Information Services Directorate

University of Strathclyde

Tel: 44 (0) 141 548 2898
Email: helen....@strath.ac.uk

http://www.strath.ac.uk/media/1newwebsite/commsoffice/THE2016.png

 

The University of Strathclyde is a charitable body, registered in Scotland, with registration number SC015263.

 

Dan Gillean

unread,
Feb 27, 2017, 12:51:33 PM2/27/17
to ICA-AtoM Users
Hi Helen,

Thanks for sharing your experiences so far. Regarding the resumption token - when the harvester reaches the end of the first 100 records (or wherever the resumption token limit is set), the harvester must then pass the resumption token included at the bottom of the response to page to the next set of results.

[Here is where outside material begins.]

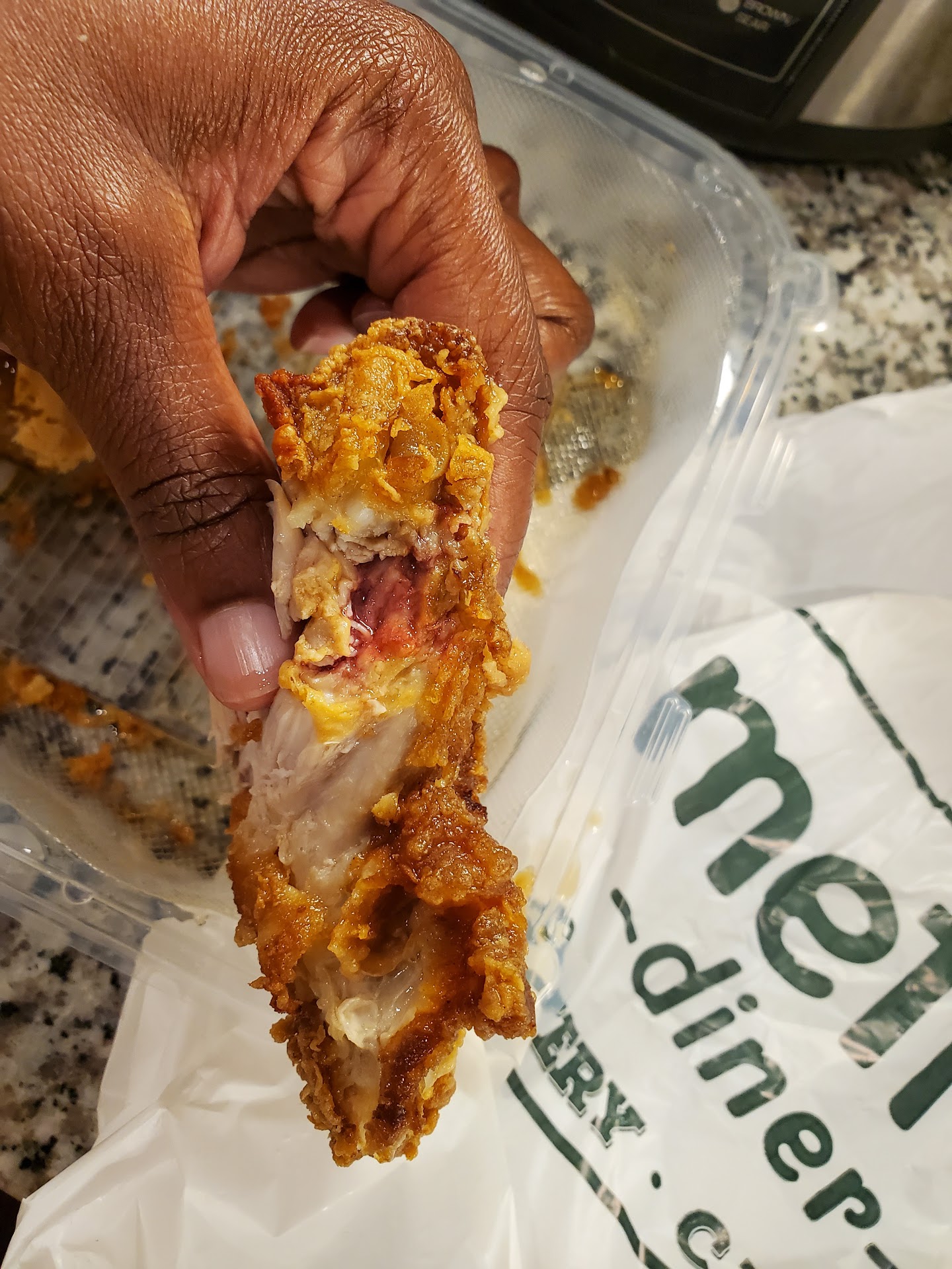 Read moreOrdered dark meat chicken and waffles on uber eats at work today. I love metro diner so I am not trying to bash in any way. Just want to bring this to the staffs attention when making orders hastily. I ate half of the waffles and the 2 legs. They legs were good, seasoned, and still crunchy after delivery. But they were not cooked all the way through on the inside so I ended up throwing them away. I didnt take pics or call to complain because I had no time for that. I took the other half home to eat and after reheating in the air fryer, i took a bite and boomđ„ blood. Chicken not fully cooked. Thats 3 pieces not cooked. The 4th piece I gave away so idek if it was fully cooked or not. Please ensure that the food is fully cooked as this is disgusting and a waste of my money. This was ordered from the Southside location and their food did taste different from my regular location on Baymeadows. This time around I was highly disappointed. Please fully cook the chicken.

You can see an example of this in our documentation for the ListIdentifiers response, here:

There is no automated, continuing response between AtoM and a harvester, so a record will not be automatically deleted in Primo just because it is deleted in AtoM. Instead, the protocol relies on the next harvest attempt to gain information about records that have been deleted. A repository has 3 options which can be included in the Identify response about how it handles deletions:

  • no - the repository does not maintain information about deletions. A repository that indicates this level of support must not reveal a deleted status in any response.
  • persistent - the repository maintains information about deletions with no time limit. A repository that indicates this level of support must persistently keep track of the full history of deletions and consistently reveal the status of a deleted record over time.
  • transient - the repository does not guarantee that a list of deletions is maintained persistently or consistently. A repository that indicates this level of support may reveal a deleted status for records.

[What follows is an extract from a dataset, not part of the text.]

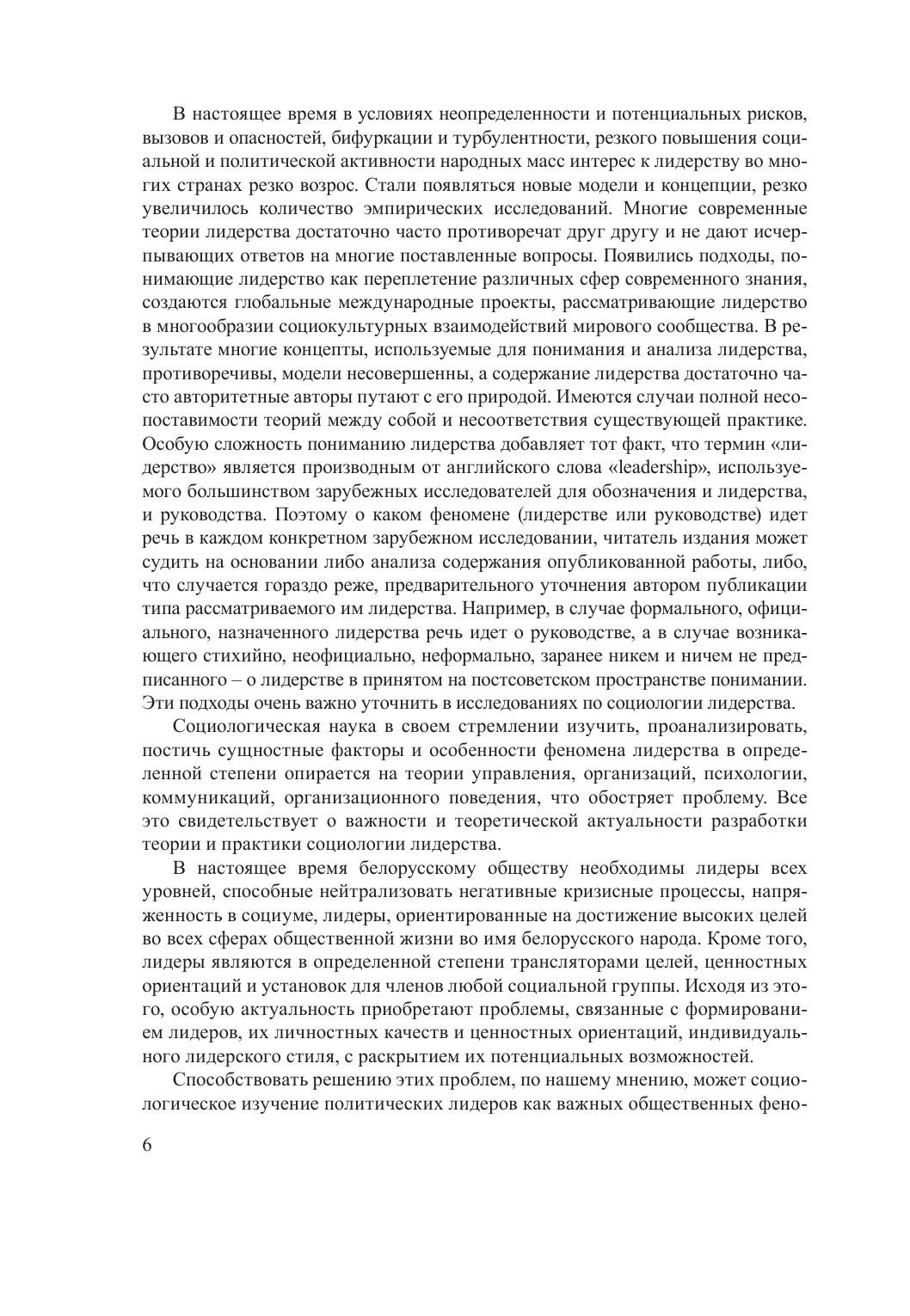 В монографии раскрыты основные теоретические, методологические и аксиологические аспекты лидерства, по результатам многолетнего социологического мониторинга проанализировано отношение жителей Беларуси к основным политическим процессам и лидерам независимого белорусского государства. Предназначена для студентов и аспирантов высших учебных заведений, специализирующихся в социологии, политической социологии и политологии, для практиков, занимающихся проблемами социологии лидерства, и для всех, кто интересуется вопросами политики.

See: https://www.openarchives.org/OAI/openarchivesprotocol.html#deletion

At present, AtoM does not provide any information on deletions, unfortunately - further development would be required to improve upon this functionality.

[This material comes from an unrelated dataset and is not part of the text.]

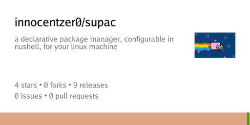 arrow-up116arrow-down1external-linkSupac - a declarative package manager for Linux scriptable in nushellplus-squarecodeberg.orginnocentz3r0@programming.devEnglish · 5 days agomessage-square1linkfedilink

Finally, I will mention for other users that Artefactual is currently doing development to add EAD XML support to the OAI repository functionality in AtoM - you can read more about it in this thread:

Are there other users who are making use of AtoM's OAI module who might have experiences and/or workarounds to share with Helen?

Regards,


Dan Gillean, MAS, MLIS
AtoM Program Manager
Artefactual Systems, Inc.
604-527-2056
@accesstomemory

--
You received this message because you are subscribed to the Google Groups "AtoM Users" group.
To unsubscribe from this group and stop receiving emails from it, send an email to ica-atom-users+unsubscribe@googlegroups.com.
To post to this group, send email to ica-ato...@googlegroups.com.
Visit this group at https://groups.google.com/group/ica-atom-users.
To view this discussion on the web visit https://groups.google.com/d/msgid/ica-atom-users/1CFA2FC3908BE241BCB30328F268FAE4943A34BD%40EX2010-MBX3.ds.strath.ac.uk.
For more options, visit https://groups.google.com/d/optout.

helen....@strath.ac.uk

unread,
Feb 28, 2017, 10:25:10 AM2/28/17
to AtoM Users
Hi Dan,
 
Thank you for replying to my email, and for clarifying the position re deletions.
 
Re the resumption token.
Having checked the Primo logs, I can see that the resumption token is being passed to AtoM on each successive call after the 100 limit, however the same batch of 100 records is returned and the set never reaches the end.
e.g. Primo log
The OAI request is: [http://atomtest.lib.strath.ac.uk/;oai?verb=ListRecords&resumptionToken=eyJmcm9tIjoiMjAwMC0wMS0wMVQxNDozMDozOVoiLCJ1bnRpbCI6IjIwMTctMDItMTdUMTY6NDQ6MTNaIiwiY3Vyc29yIjoxMjk0NDAwMCwibWV0YWRhdGFQcmVmaXgiOiJvYWlfZGMiLCJzZXQiOiJvYWk6dmlydHVhbDp0b3AtbGV2ZWwtcmVjb3JkcyJ9]
The OAI request is: [http://atomtest.lib.strath.ac.uk/;oai?verb=ListRecords&resumptionToken=eyJmcm9tIjoiMjAwMC0wMS0wMVQxNDozMDozOVoiLCJ1bnRpbCI6IjIwMTctMDItMTdUMTY6NDQ6MTNaIiwiY3Vyc29yIjoxMjk0NDEwMCwibWV0YWRhdGFQcmVmaXgiOiJvYWlfZGMiLCJzZXQiOiJvYWk6dmlydHVhbDp0b3AtbGV2ZWwtcmVjb3JkcyJ9]
The OAI request is: [http://atomtest.lib.strath.ac.uk/;oai?verb=ListRecords&resumptionToken=eyJmcm9tIjoiMjAwMC0wMS0wMVQxNDozMDozOVoiLCJ1bnRpbCI6IjIwMTctMDItMTdUMTY6NDQ6MTNaIiwiY3Vyc29yIjoxMjk0NDIwMCwibWV0YWRhdGFQcmVmaXgiOiJvYWlfZGMiLCJzZXQiOiJvYWk6dmlydHVhbDp0b3AtbGV2ZWwtcmVjb3JkcyJ9]
and so on....
 
I do not believe that the issue lies with Primo, as the same issue happens via browser. Please see attached document.
 
Am I missing a setting in AtoM?
 
Thanks
Helen
 

helen....@strath.ac.uk

unread,
Feb 28, 2017, 10:26:08 AM2/28/17
to AtoM Users
Sorry I forgot the attachment.

AtoM to Primo - resumption token issue.docx

Jim Adamson

unread,
Feb 28, 2017, 10:58:04 AM2/28/17
to AtoM Users, helen....@strath.ac.uk
Hi Helen & Dan,

We are making use of AtoM's OAI module, and our Resumption token limit is set to 100, but it looks like everything is working correctly for us (506 AtoM records in Primo). We are running AtoM 2.2 and Primo February 2017 release (latest) in a direct-dedicated environment. I have just tested it through the browser and the resumption definitely works fine for us.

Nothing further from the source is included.